Carly at the Movies | Taking of Pelham 1-2-3: Express vs. Local
I spent Sunday afternoon on the Pelham 123 subway line (the brand new Express version), then went home and switched to the 1974 Local, playing that night on an area TV station. And just like in the real New York subway system, if you’re in a big rush grab the Express – the Local takes longer, but gets you there just the same. Plus you have time to stop along the way and smell the garbage.
Action director Tony Scott helms the Express, with Denzel Washington and John Travolta aboard as goodguy and badguy, while sure-handed Joseph Sargent handled the throttle on the older, slower Local, featuring breezy Walter Matthau and no-nonsense Robert Shaw.
They tell essentially the same story. Four heavily-armed crooks hijack a busy subway train, hold the passengers hostage and demand a bundle o’ money delivered within one hour; otherwise they threaten to start shooting. The gimmick that drives the plot is: once they’ve got the money, how on earth do the crooks escape? There they are in a hole in the ground with cops waiting at either end of the tunnel. Both directors take liberties with the exciting John Godey novel and both provide sufficient fireworks.

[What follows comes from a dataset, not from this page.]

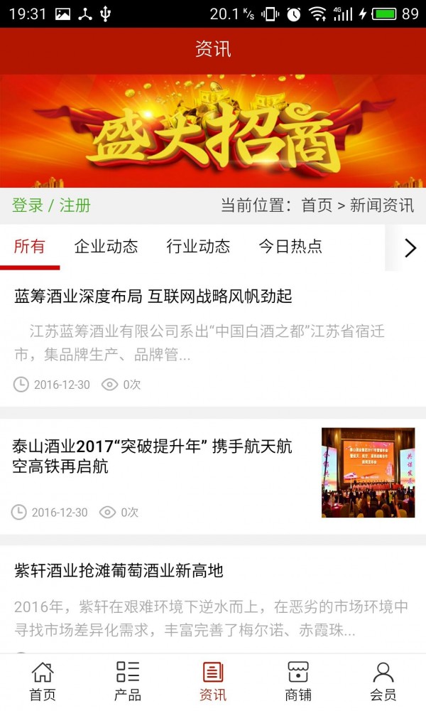 山东酒业行业网app是一款网络购物应用,是个专注于销售山东酒水产品的移动平台。此外通过山东酒业行业网app你不但可便捷的选购酒水,还能及时获取行业资讯和加盟袋里情况。

Even chopped up and stuffed with countless commercials for overpriced new cars and cures for erectile dysfunction, Pelham 1974 is more believable because the tension is allowed to develop naturally. No need for a jiggly camera and blaring music. The only thing they had back in those days that we don’t anymore is patience. Hollywood unfortunately assumes that EVERYone has the attention span of a teenager.
Denzel is his usual self. The guy has stage presence up the wazoo, and his portrayal as a decent fellow who has to face his own shortcomings is well done. Until, of course, the film turns into a chase-and-confrontation between him and Travolta, and loses the disbelief we’ve been suspending for two solid hours.
Travolta has more fun than anyone else in either movie. He’s over-the-top, loud, swaggering, and gets a big kick out of shooting people point-blank. His head henchman is played by the marvelous character actor Luis Guzman. Too bad there wasn’t room in the script to expand this character or their relationship.
The Aides De Crook in Pelham 1974, Martin Balsam and Hector Elizondo, were better used. Well, it was a film era when there were simply more and better character actors in general. Back then, it was okay to be a rather amiable villain, out simply to get rich. Nowadays you gotta have a gunny sack full of neurosi.
While hurtling along beneath the streets of Manhattan, you’re bound to learn more about being a subway motorman than you’ll ever need to know, and this film’s McGuffin is the Dead Man’s Feature whereby a train cannot move unless a living person is pushing down on it. Supposedly, that is. But in movies, at least, everything can be overcome, and we find there’s more than one way to escape from a mousetrap.
Pelham 2009 acquaints us with that old urban legend, the abandoned subway stop, the one that may (or may not) exist beneath the Waldorf, built specifically for FDR back in the 1940s. After the ransom question is dealt with, the film becomes completely an action thriller and is thenceforth believable only to the extent of your own gullibility.
The 1974 model trumps 2009 on the ending alone. It’s absolutely perfect, and has been artfully assembled throughout the film right under your nose, so to speak. Back in those days, Walter Matthau was at his charming best, a young curmudgeon trudging through life, expecting and getting the worst from people. I simply have to recommend this film; it’s available on DVD or via Netflix. The newer version is still playing everywhere, and although it’s flawed, it’s still a pleasant enough diversion. Hey, it’s summertime. Whaddaya expect?